Opinion

Pandemic push to higher inequalities

In many countries, including India, COVID has led to high inequalities in terms of income, wealth and gender as the economy touched the ebb

The two phases of the COVID-19 pandemic have been a learning experience, globally. The calamity has proved to be a greater leveller. Whether king or pauper, living in rural or urban areas, educated or uneducated, it affected everybody’s lives and lifestyles, making us face unexpected and unprecedented things.

According to a 2021 Oxfam report, this has been a global trend. A survey of 295 economists across 79 countries found that most of them were convinced that the COVID-19 crisis would lead to high inequalities in terms of income, wealth and gender. For example, 87 per cent of the economists foresaw that “income inequality in their country was either going to increase or strongly increase”. The prediction has turned out to be true in many countries, including India.

For the first time in four decades, the Indian economy — already on the slope even before pandemic — touched the ebb in 2020-21. The CMIE data indicate that over 10 million Indians lost their jobs during the second wave and 97 per cent of households suffered loss of income and witnessed a dip in real incomes, adjusted to inflation, in the past year. The remaining three per cent included either the super rich or the wretched poor. The former have sources that deliver incomes even during lockdowns and the really poor ones do not have scope for further fall.

The situation can be best explained with the help of various other surveys conducted by independent organisations. The 339,065 COVID deaths in the last 14 months dealt a double blow to public health and prospects of an economic recovery. The most hit were the infrastructure, manufacturing, construction and services sectors which provided maximum jobs.
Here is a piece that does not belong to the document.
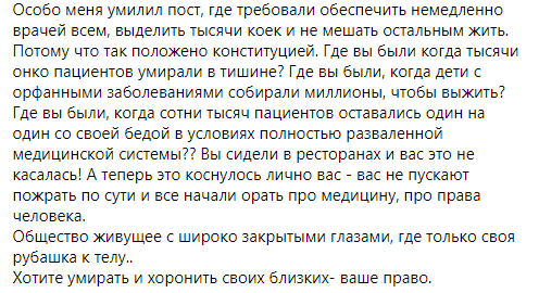 «Особо меня умилил пост, где требовали обеспечить немедленно врачей всем, выделить тысячи коек и не мешать остальным жить. Потому что так положено по Конституции. Где вы были, когда тысячи онкопациентов умирали в тишине? Где вы были, когда дети с орфанными заболеваниями собирали миллионы, чтобы выжить? Где вы были, когда сотни тысяч пациентов оставались один на один со своей бедой в условиях полностью разваленной медицинской системы?
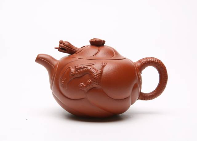 为典型传统壶型,是鱼跃龙门之意.民国的唐树芷所制小鱼化龙壶钮为卷云状,壶身浅塑波浪,波浪中龙伸出首部,龙尾卷成壶把,把上鳞片刻划清晰.此壶红泥制成,形体较小,做工精细.清代邵大享鱼化龙为波浪堆塑得一层一层,立体感强,而波涛中龙露出头部而不见爪,钮为堆浪状,装在盖里的龙头短而粗。

According to experts, though most families were affected by income diminution, the inequality between the haves and have-nots had widened. This disparity stands proved by the CMIE data which indicated that while 99.3 per cent of Indian households that earned less than Rs 1 lakh a year were impacted, the losses upset only 77.6 per cent of those who took home more than Rs 10 lakh. More than a fifth of the rich not only managed to protect their incomes but witnessed an increase in their overall wealth. As per the Knight Frank Wealth Report, 2021, 60 per cent of India’s “ultra wealthy” saw an increase in their individual income in 2020 and 91 per cent of them expect their net worth to rise further in 2021. At present, the number of ultra high net worth individuals in India is 6,884, along with 113 dollar-billionaires and the figure is expected to go up by 63 per cent between 2020 and 2025.

Another listing, Harun Global Rich List, 2021, revealed that India rose to the third spot with 177 dollar-billionaires, 40 more than last year. Of them, 150 became richer, and included 50 new faces. Established business houses such as Mukesh Ambani, Gautam Adani, Shiv Nadar, Kumar Mangalam Birla, Pankaj Munjal and others were the main beneficiaries. Mumbai was home to 61 dollar-billionaires, followed by Delhi (40).

According to the RBI Annual Report, 2021, private consumption, at negative nine per cent in 2020-21, “registered a contraction for the first time in the past four decades”. Government consumption sharply decreased from 7.9 per cent in 2019-20 to 2.9 per cent in 2020-21. The NSO Estimates in February 2021 indicated that “aggregate demand, measured by real GDP, contracted by eight per cent” in 2020-21.

This was the severest contraction felt since 1980-81. On the other hand, it was surprising to notice in the RBI’s May 2021 round of Consumer Confidence Survey that 50.6 per cent of the respondents said that their overall spending went up. The results of the survey attributed it to two factors — a rise in general inflation and prices and the difference between what the consumers spend on essential items: food, fuel and education and non-essentials like travel and entertainment. The RBI Annual Report stated that despite COVID and lockdowns, or due to them, over the past year inflation raised its ugly head. In 2021, inflation was the highest since 2013-14 and it was largely fuelled by price rise in essential commodities like food and beverages, fuels, petrol, diesel and cooking gas.

This unprecedented situation has a direct bearing on the Government. Despite providing economic stimulus and taking measures to curb inflation, the Government couldn’t do much to revive the economy. The reflection of the post-pandemic distress is clearly visible.

Nobody can deny that the Modi Government did a creditable job in delivering welfare benefits but still 46 per cent people think its economic policies have primarily benefited big business. For the first time in five years, the unstable state of the economy has begun to cloud the Government’s ratings. If 71 per cent of the respondents had rated the Government’s handling of the economy “outstanding” or “good” in August 2019, only 47 per cent believe it be the case now; 20 per cent rate its handling of the economy as “poor/very poor”. Surveys warn that the ruling party would not get 272 seats if the Lok Sabha polls are held today. So, it’s a wakeup call for the ruling party.

(The writer is a senior journalist and Chairman, Panwar Group of Institutions, Solan, Himachal Pradesh. The views expressed are personal.)